= TASK PROMPT =
All pictures must be dropped, while the entries are given again word for word.
╭─ ENTRIES SHOWN
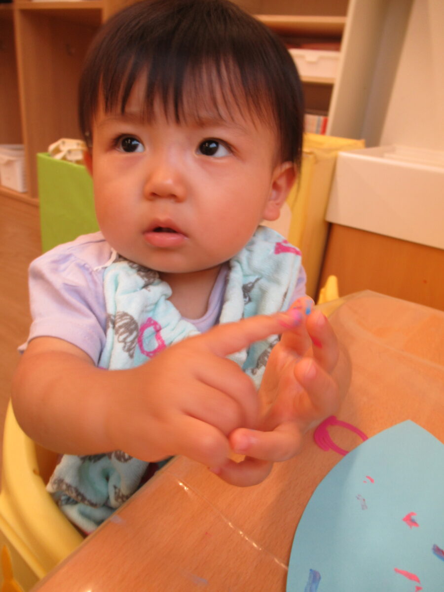 手に付いた絵の具を不思議そうに見たり
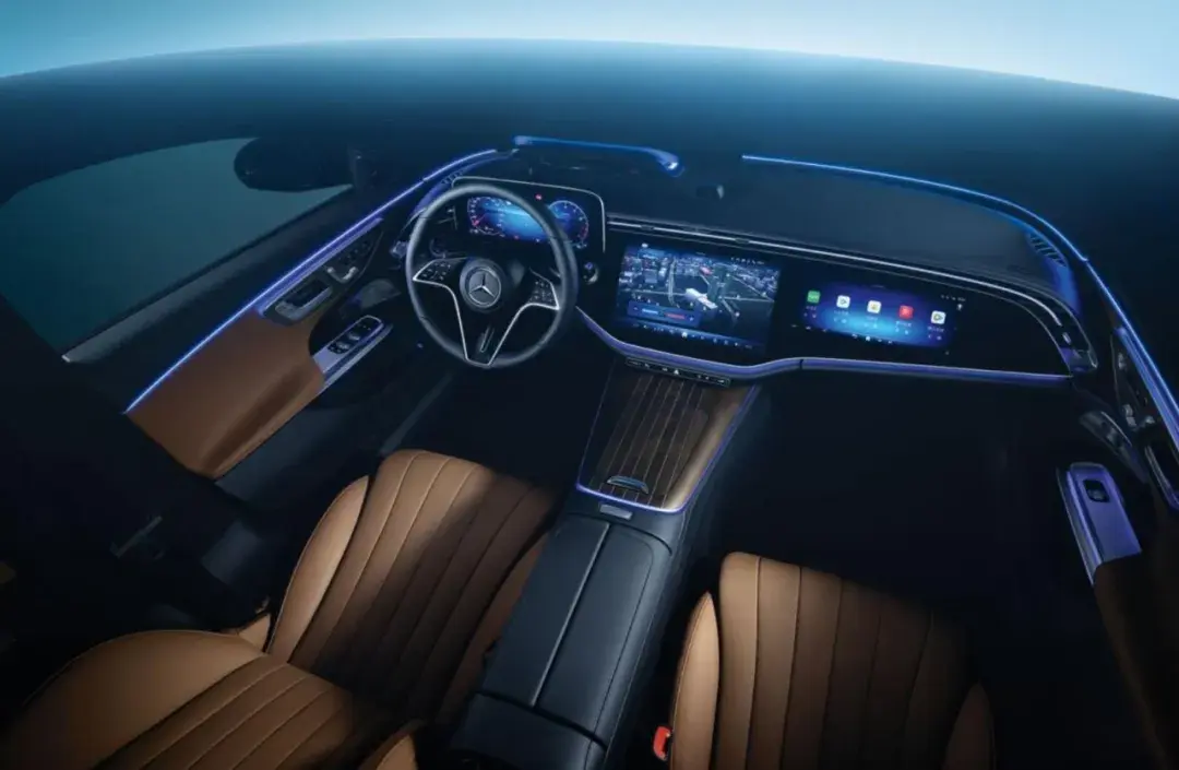 進入車內,E 350 e L的座艙兼具豪華與科技。標配的MBUX超級屏擁有14.4英寸中央顯示屏和12.3英寸前排乘客顯示屏,帶來前衛的視覺體驗。轎車采用棕色楓木飾板,運動轎車則選用黑色岑木飾板,搭配360度環繞式環境氛圍燈,實現隨音樂變化的燈光效果。
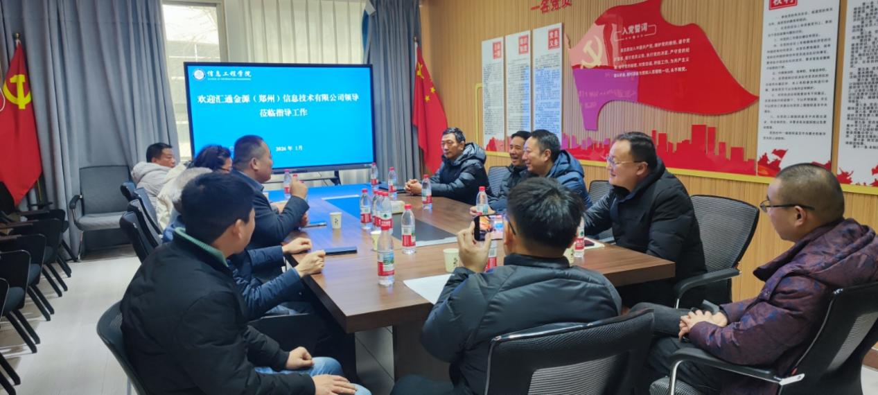 1月8日上午,汇通金源(郑州)信息技术有限公司董事长顾明卿一行莅临新乡职业技术学院进行参观交流。信息工程学院院长刘民庆、新乡职业技术学院科研处处长银利军等陪同参观并参与座谈。
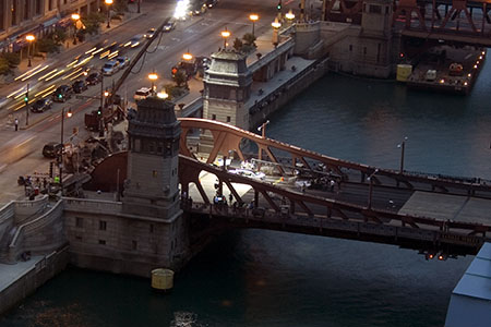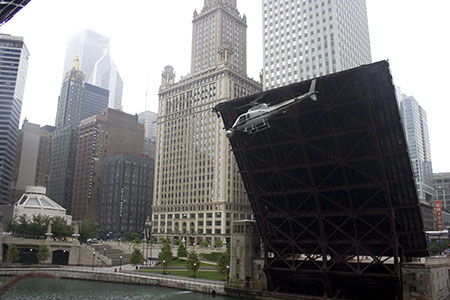 (Left) This stunt was performed on Saturday, August 21, 2010. A helicopter flew low through the raised bridges at Michigan Avenue, Wabash Avenue, and State Street, and is seen here going back for another take. The bridges were raised simultaneously shortly after 9:00 a.m. |
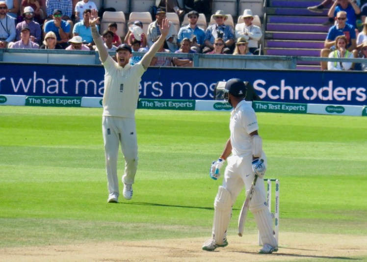 Shikhar had been dropped for Lord’s, a fact I’m sure he’s not too unhappy with in retrospect, he had an average of just under 26 going into this innings, the highest of the openers from both teams. But, a ball from Anderson had his name on it, a great diving catch from Ben Stokes and Shikhar was out for 17. India were in some trouble on 22 for 3.
╰─
= ANSWER TO THE PROBLEM =
 手に付いた絵の具を不思議そうに見たり
 進入車內,E 350 e L的座艙兼具豪華與科技。標配的MBUX超級屏擁有14.4英寸中央顯示屏和12.3英寸前排乘客顯示屏,帶來前衛的視覺體驗。轎車采用棕色楓木飾板,運動轎車則選用黑色岑木飾板,搭配360度環繞式環境氛圍燈,實現隨音樂變化的燈光效果。
 1月8日上午,汇通金源(郑州)信息技术有限公司董事长顾明卿一行莅临新乡职业技术学院进行参观交流。信息工程学院院长刘民庆、新乡职业技术学院科研处处长银利军等陪同参观并参与座谈。
 (Left) This stunt was performed on Saturday, August 21, 2010. A helicopter flew low through the raised bridges at Michigan Avenue, Wabash Avenue, and State Street, and is seen here going back for another take. The bridges were raised simultaneously shortly after 9:00 a.m. |
 Shikhar had been dropped for Lord’s, a fact I’m sure he’s not too unhappy with in retrospect, he had an average of just under 26 going into this innings, the highest of the openers from both teams. But, a ball from Anderson had his name on it, a great diving catch from Ben Stokes and Shikhar was out for 17. India were in some trouble on 22 for 3.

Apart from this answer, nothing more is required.